But the greatest agricultural event of the century was the
introduction of clover and the encouragement of turnips as grown in
Holland, by Sir Richard Weston, about 1645. No doubt the turnip was
already well known in England. Tusser and Fitzherbert both mention it,
apparently as a garden root only; but Gerard in his _Herbal_, 1597,
says it grew in fields 'and divers vineyards or hoppe gardens in most
places of England', which certainly points to an effort having been
made generally to use it as a field crop whenever an enclosed space
gave it some protection from the depredations of the common herds.
However, its cultivation must have declined, as long after this it was
regarded as a novelty as a field crop in most parts of England.[252]
In Holland it had been used in the field universally, and this use
with that of 'great', as it was called, or broad clover, Weston
pressed on the English farmer. But their progress was wofully slow. At
Hawsted in Suffolk clover and turnips were first sown about 1700, and
the eastern portion of England was far ahead of the north and west; as
late as 1772 Arthur Young wrote that 'sainfoin, cabbages, potatoes,
and carrots are not common crops in England; I do not imagine above
half or at most two-thirds of the nation cultivate clover.'[253] Yet
their introduction must have been of the greatest benefit to the
farmer and the public; his stock of hay was increased, he could
utilize his fallows, and keep a much larger head of stock through the
winter, who would give him a greater quantity of manure. Every one
where turnips were grown could now have fresh meat during the winter.
The slow progress of these great blessings is perhaps the strongest
testimony in our history of the innate conservatism of the farmer. The
green crop was for long considered to be suited only to the garden,
and as our forefathers were prejudiced against the spade it was
difficult to get such crops cultivated even there; but it should also
be remembered that no crop was possible in the common fields which did
not come to maturity before Lammas, unless some special agreement was
made as to it.[254] Clover, Sir Richard Weston said, thrives best when
sown on the worst and barrenest ground, which was to be pared and
burnt, and unslaked lime added to the ashes. Then it was to be well
ploughed and harrowed, and about 10 lb. of seed sown per acre in the
end of March or in April. 'It will stand five years, and then when
ploughed up will yield three or four years running rich crops of
wheat, and then a crop of oats, after which you may sow clover again.'

In the seventeenth century the practice of liming and marling, which
had been largely discontinued since the fourteenth century, was
revived (Westcote, in his _View of Devon_ in 1630, calls liming, &c.,
a new invention), and there was also a great improvement in
implements. Patents were taken out for draining machines in 1628, for
new manures in 1633-6, ploughs 1623-7 and 1634, mechanical sowing
1634-9. Only six were taken out, however, between 1640 and 1760 that
concerned agriculture.[255] The Civil War checked the improvement, for
though the great mass of the people had nothing to do with either
party, the country was of necessity in a very unsettled state, and
both sides plundered indiscriminately. Yet in some parts, as in
Devonshire, so many of the able men served in the two armies, that few
but old men, women, and children were left to manage the farms, and
even they were afraid to grow more than enough to supply themselves
since both armies seized the crops.[256] These bad effects lasted for
some time afterwards; Chapple, a Devonshire land agent of the
eighteenth century, says he had talked with people who remembered the
state of husbandry in the last ten or twelve years of the reign of
Charles II, when in many parts of Devonshire an acre or two of wheat
was esteemed a rarity.

That the rate of progress in the century was not more rapid is
attributed by Blyth to several causes[257]:--

1. Want of leases, by which tenants were deprived of security.

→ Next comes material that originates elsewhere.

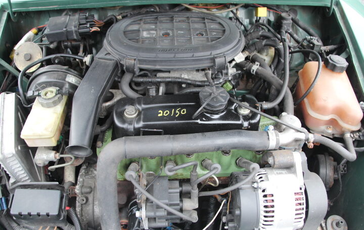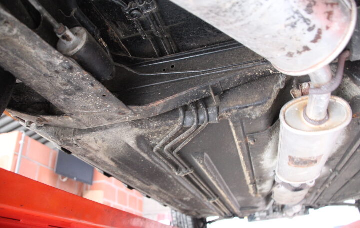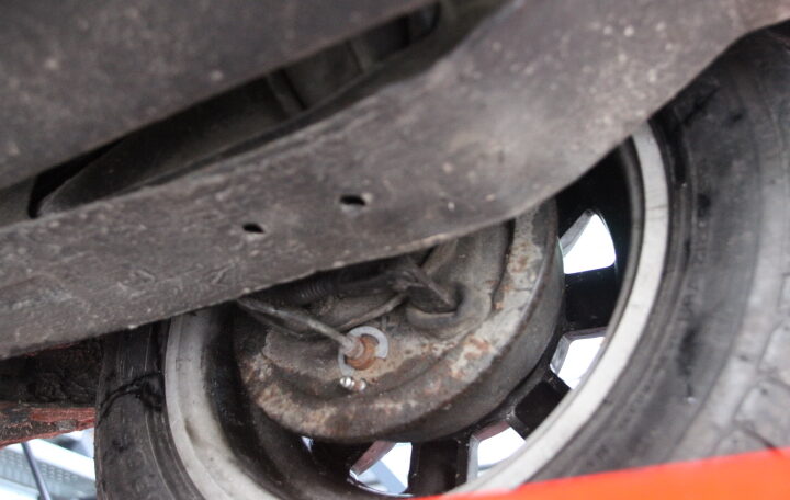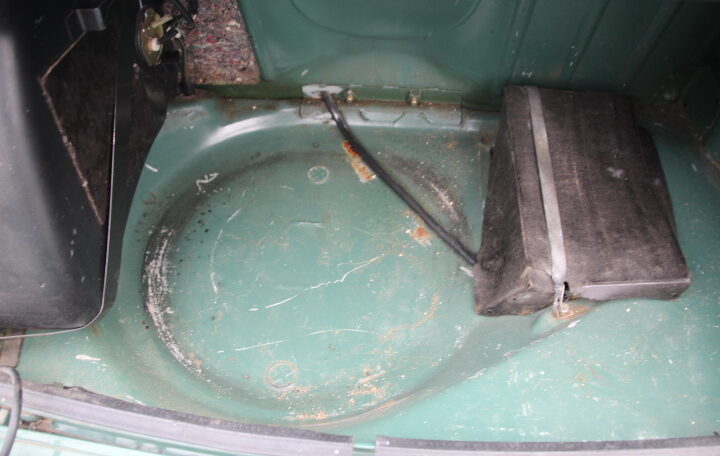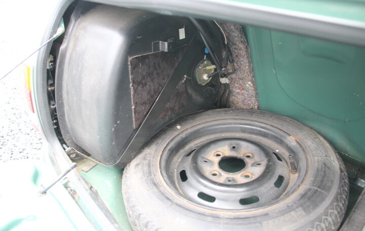 En ce qui concerne la carrosserie, elle présente bien (peinture complète effectuée en 2013). Nous n’avons pas vu de griffe, ni de coup ni de corrosion (voir photos prises sur le pont) excepté une fine trace de corrosion superficielle dans le plancher de coffre, sous la roue de secours (voir photo, c’est très léger).
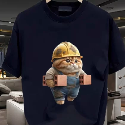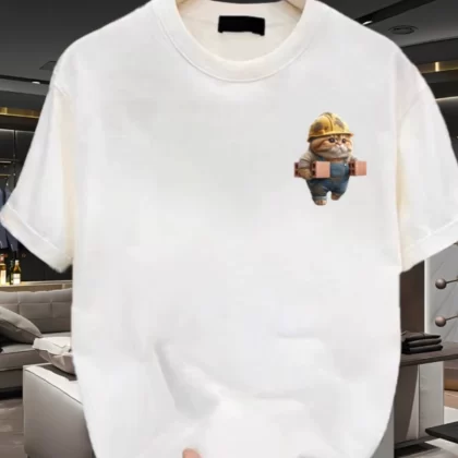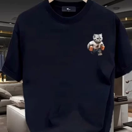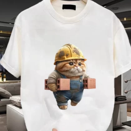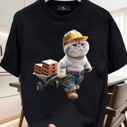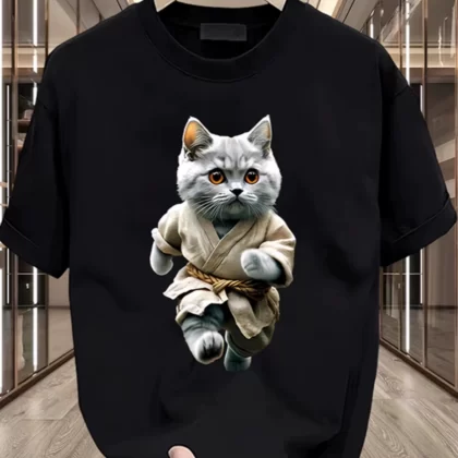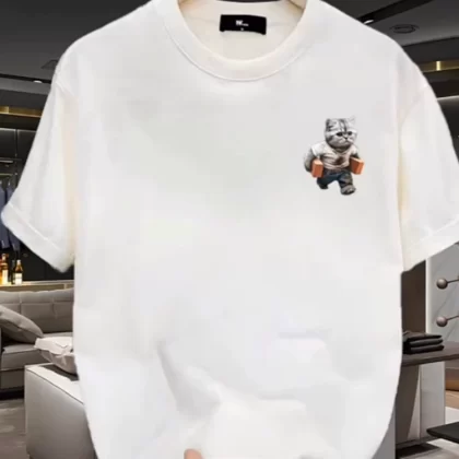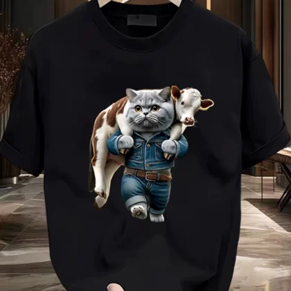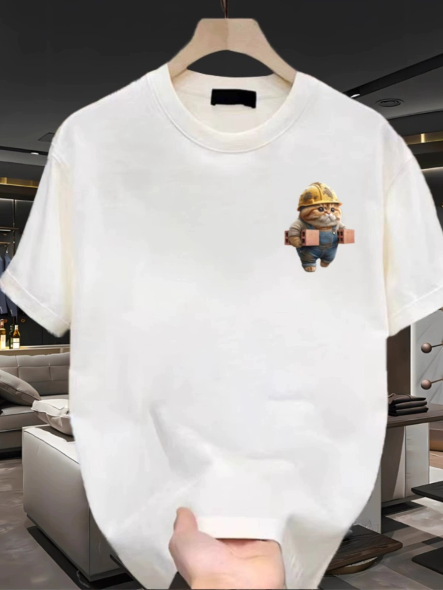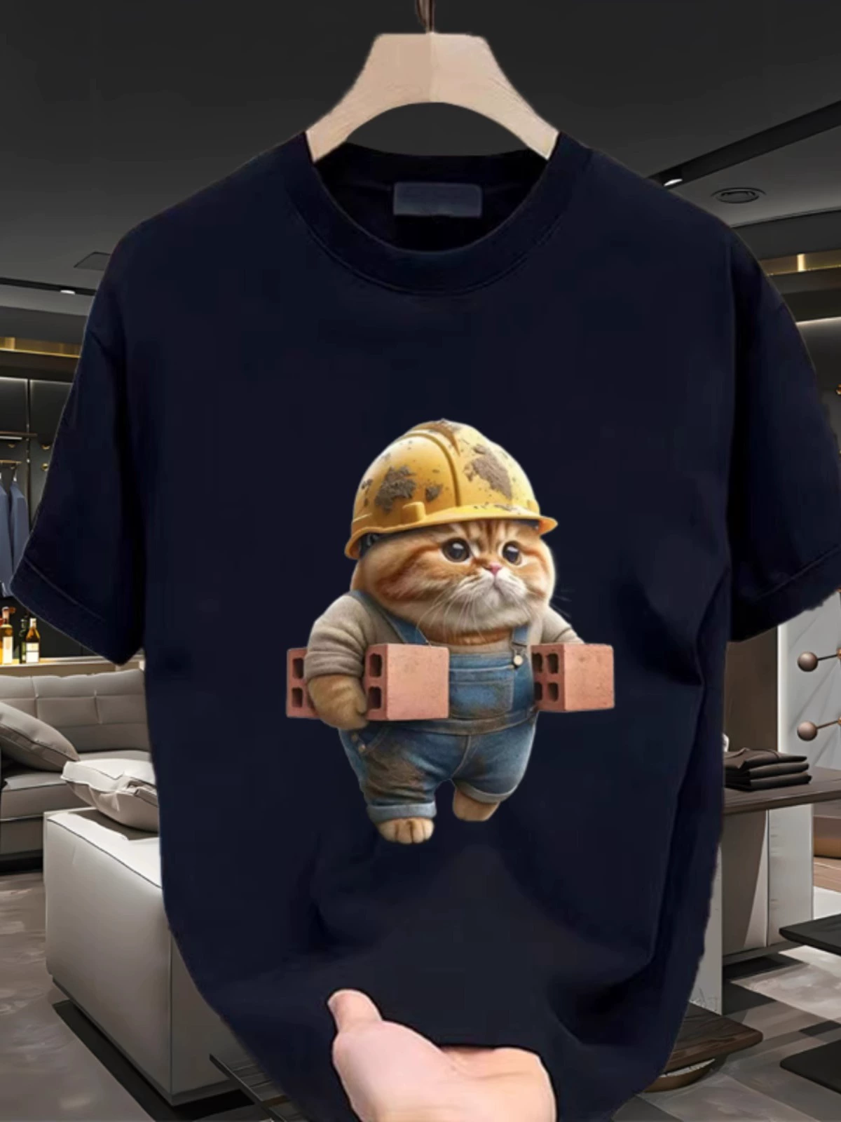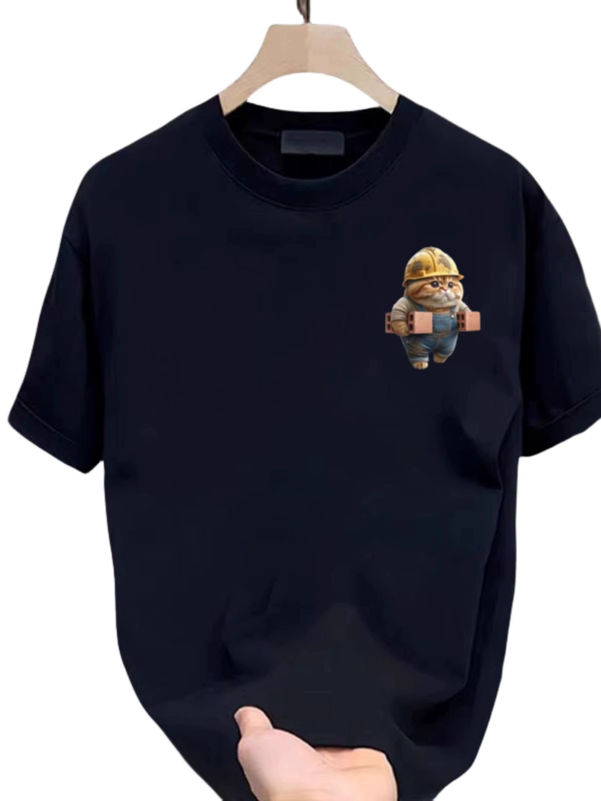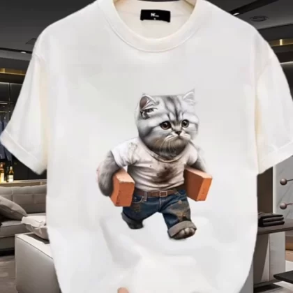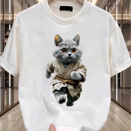 Trendy brand fun cat printed couple short-sleeved T-shirt

2. Discouragement to flood (irrigate) land, from the risk of
law suits with neighbours.

3. Intermixture of different properties in common fields.

4. Unlimited pasturage on commons, by which they were overstocked.

5. The want of a law compelling all men to kill moles.

6. The excessive number of water-mills, to the great destruction
of much gallant land.

The average price of wheat during the seventeenth century was 41s. a
quarter, of barley 22s., and oats 14s. 8-1/2d. Oxen averaged about L5
apiece, cows much less, about L3, and there was not much change in
their value during the century. Sheep were about 10s. 6d., and a
cart-horse in the first half of the century from L5 to L10, in the
second half from L8 to L15. Beef rose from 2d. a lb. in the early part
of the century to 3d. at the close of it. Wool remained stationary at
from 9d. to 1s. per lb.

[258]A proclamation of 1633 fixed the
following prices for London poulterers and victuallers:--

s. d.

Best turkey-cock 4 4
Duck 8
Best hen 1 0
3 eggs 1
1 lb. best fresh butter in winter 6
1 lb. best fresh butter in summer 5
1 lb. best salt butter 4-1/2
Best fat goose 2 0
" crammed capon 2 6
" pullet 1 6
" chicken 6

According to the _Manydown Manor Rolls_ the Wootton churchwardens in
1600 paid from 8s. to 11s. for calves, 4s. 4d. for a fat lamb, 8s. for
a sheep, 6s. 8d. for a barren ewe, 6d. for a couple of chickens, 1s.
6d. for 500 faggots.[259]

After the restoration in 1660 another period of prosperity set
in,[260] and altogether the century was a prosperous one for farmers
and manufacturers. The newly established Royal Society materially
helped agriculture. 'Since his majesty's most happy restoration the
whole land hath been fermented and stirred up by the profitable hints
it hath received from the Royal Society, by which means parks have
been disparked, commons enclosed, woods turned into arable, and
pasture lands improved by clover, St. foine, turnips, cole-seed, and
many other good husbandries, so that the food of cattle is increased
as fast, if not faster, than the consumption, and by these means the
rent of the kingdom is far greater than ever it was.'[261] The century
was distinguished also for the curious number of cycles of good and
bad seasons; 1646-50 were years of prolonged dearth, wheat reaching an
enormous price, and 1661-2, were famine years, while the end of the
century was long famous for its barren years.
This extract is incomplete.